Friday, December 21, 2007

No More Rice

At today's Mothers' Union meeting, Nan again congratulated the guardians on their tireless volunteer efforts throughout the year. The mamas sang goodbye to me and hello to new visitors from San Diego: Lori and Don, delightful California Rotary friends of the Hardisons, will be at St. Philip's for a week.

Everyone was in a festive holiday mood, even when "Professor Nancy" had to announce that rice could no longer be served at the orphan feeding programs -- for awhile, at least. The price of rice, imported from Indonesia, has doubled since the inception of the program. During the same period of time, the value of the U.S. dollar has declined dramatically. The guardians understood and expressed their gratitude to Nan, to God and to the churches in Massachusetts, Pennsylvania and Vermont that continue to support the orphan feeding program in the face of rising costs. And the children will come to understand one more stark reality: only githeri will be served on Saturdays. Stark realities are facts of life in the Diocese of Maseno North, where most families live on less than 62 KSh ($1.00) a day.

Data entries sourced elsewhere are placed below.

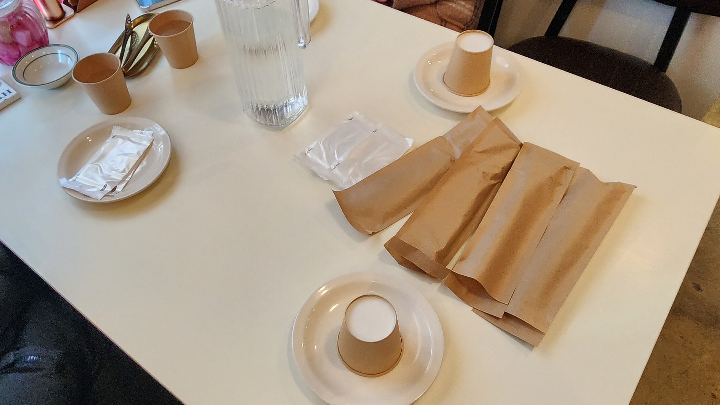 물과 식기도 가져다주셨고 종이컵을 사용했어요.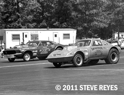 Two giants in the AA/GS class meet at Englishtown, New Jersey 1971. Ohio George Montgomery and his Turbo Mustang vs KS Pittman and his Tiger Opal. It was strange to see these two icons of the gas classes driving modern bodied race cars. Gone were the '33 Willy's bodied gassers that both were known to have raced.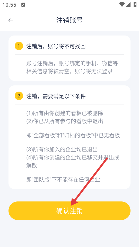 4、在注销账号说明页面,确认满足注销条件后,点击“确认注销”,完成账号注销操作。
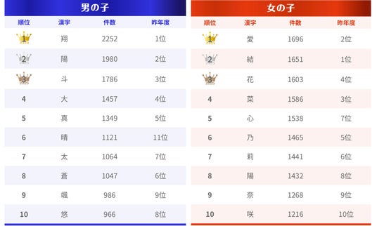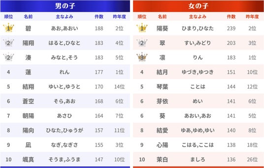 一方、女の子の名前ランキングTOP3は、1位「陽葵(主なよみ:ひまり)」、2位「翠(主なよみ:すい)」、3位「凛(主なよみ:りん)」という結果に。「陽葵」と「凛」は安定した人気を維持しており、近年注目度が高まっている「翠」は2位へと順位を伸ばしました。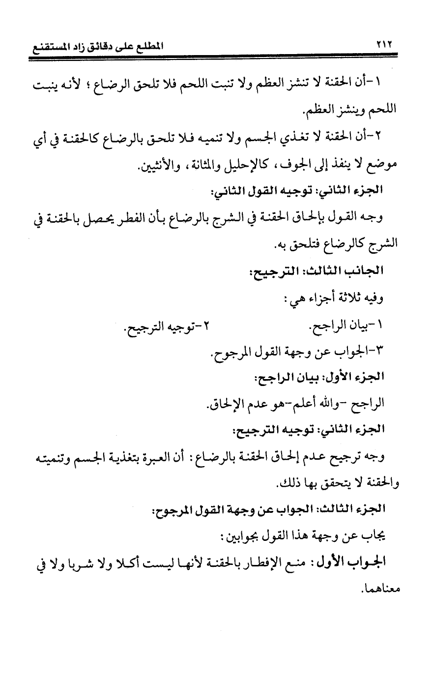 وجه ترجيح عدم إلحاق الحقنة بالرضاع: أن العبرة بتغذية الجسم وتنميته والحقنة لا يتحقق بها ذلك.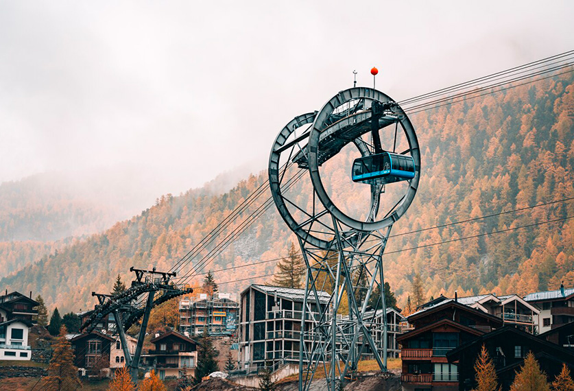 The new Zermatt-Furi cable car (which was dismounted in spring ‘22 for replacement) officially started operating this fall, just in time for the winter season and the first snow fall. The departure train station was renovated to meet Minergie-P low-energy-consumption guidelines, now contains ski lockers, and will soon welcome a baggage check-in counter for travellers wanting to journey to Italy via the Alpine Crossing. And the new panoramic cabins, which can transport up to 100 people, guarantee a magnificent view of the Matterhorn — which brave souls can also enjoy as a Rooftop Ride!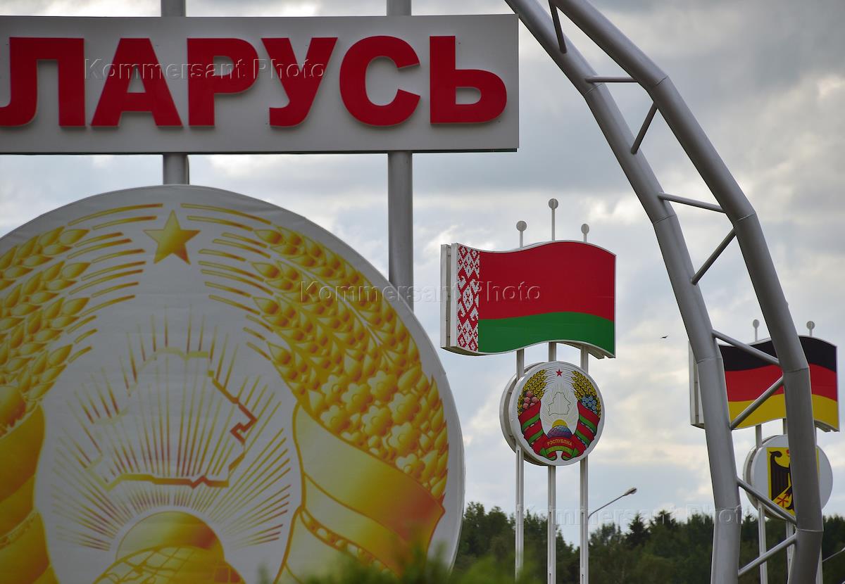 Рабочая поездка председателя правительства России Дмитрия Медведева в Минск. Гербы и флаги…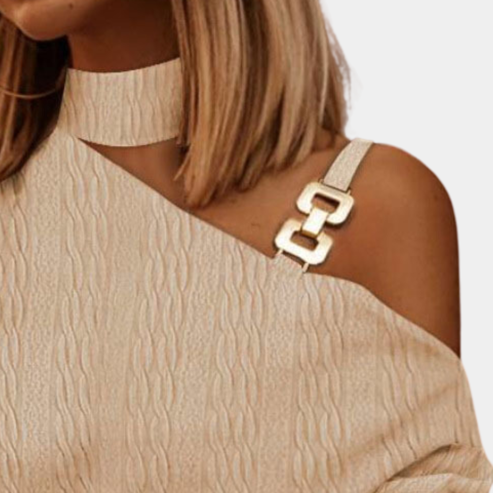 Verfijnde schouderloze snit die zorgt voor een elegante en onderscheidende look.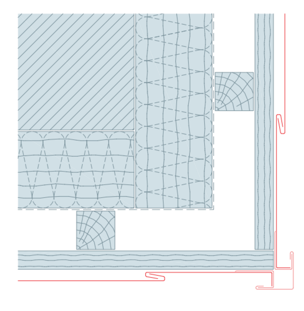 A belső és külső sarkokat leggyakrabban két zsebes profillal és egy sarokprofillal kivitelezik. Ügyeljen a zsebes profilok teljesen függőleges és tágulás szempontjából megfelelő szerelésre, valamint a fix- és csúszópontok elrendezésére.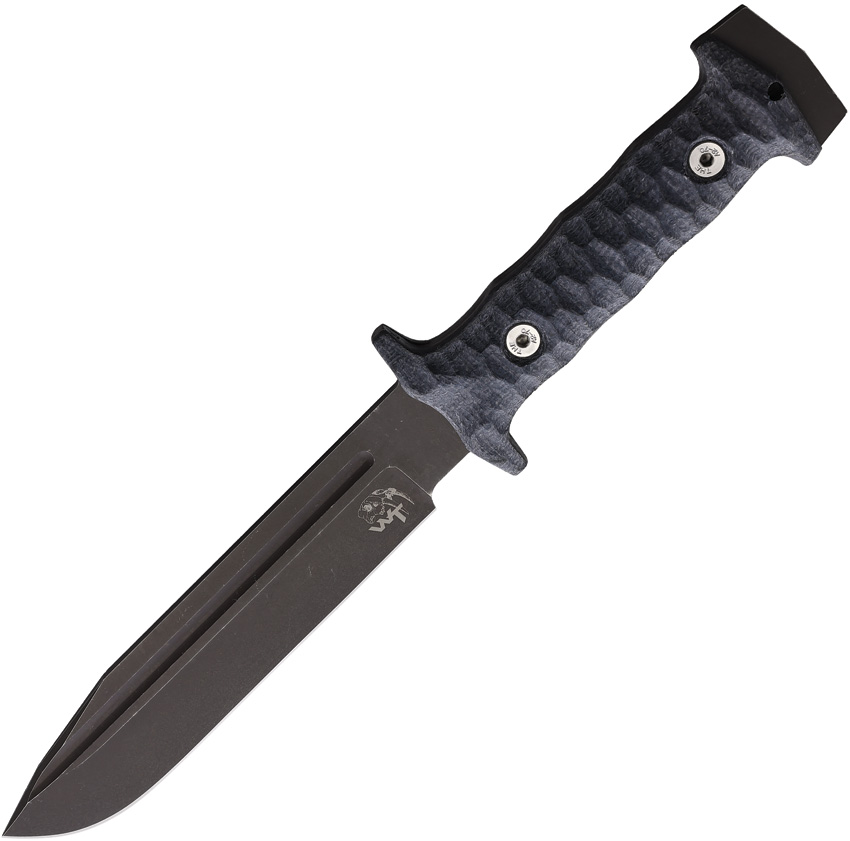 12.5″ (31.75cm) overall. 7″ (17.78cm) black DLC coated D2 tool steel blade. Blue-Gray sculpted micarta handle. Full, extended tang. Lanyard hole. Black Kydex MOLLE compatible belt sheath. Bulk packed.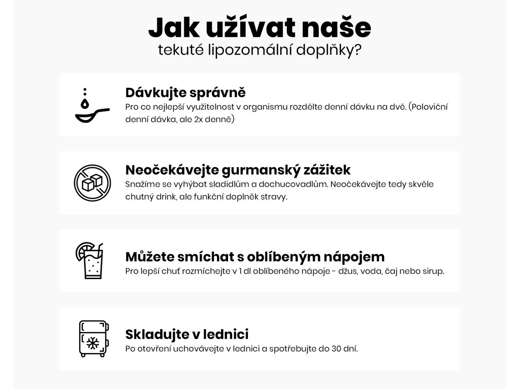 Conservazione: Conservare in frigorifero, consumare entro massimo 30 giorni dall'apertura. Non fare scorta di prodotti liposomiali. Sono migliori quando sono il più freschi possibile. Tenere fuori dalla portata dei bambini. Il prodotto non è destinato a bambini, donne in gravidanza o in allattamento. Non superare la dose giornaliera raccomandata. Il prodotto non è inteso come sostituto di una dieta variata. Mantenere uno stile di vita sano.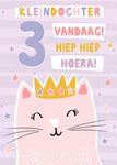 Lieve verjaardagskaart voor een jarige kleindochter met de tekst: Kleindochter 3 vandaag! Hiep hiep hoera!

Economic disparities abound. A chest xray at Maseno Hospital costs the equivalent of $6.00; so does a gallon of gas. (Very few people own cars, of course.) Unfortunate, if understandable, expectations also abound. Not every American is wealthy, but even the poorest of us is better off than a Maseno mama. Economies of scale are difficult to explain in the face of global inequities. It is neither uncommon nor unreasonable for me to be approached discreetly: "Sister, I have a problem; perhaps you could help..." Nor is it easy for me to say that I cannot buy a new laptop for a student clinician or a new car for a struggling young couple to start a taxi business. I cannot even pay for a month's rent-and-household furnishings for an abused wife or for the secondary education of an evangelist's grandniece.

"Pole" (which means "Sorry" in Kiswahili, when it is used only once -- "Slowly-Slowly," when it is repeated), I have to say. But I am beyond sorry; I am in tears. I can offer only small donations and large prayers.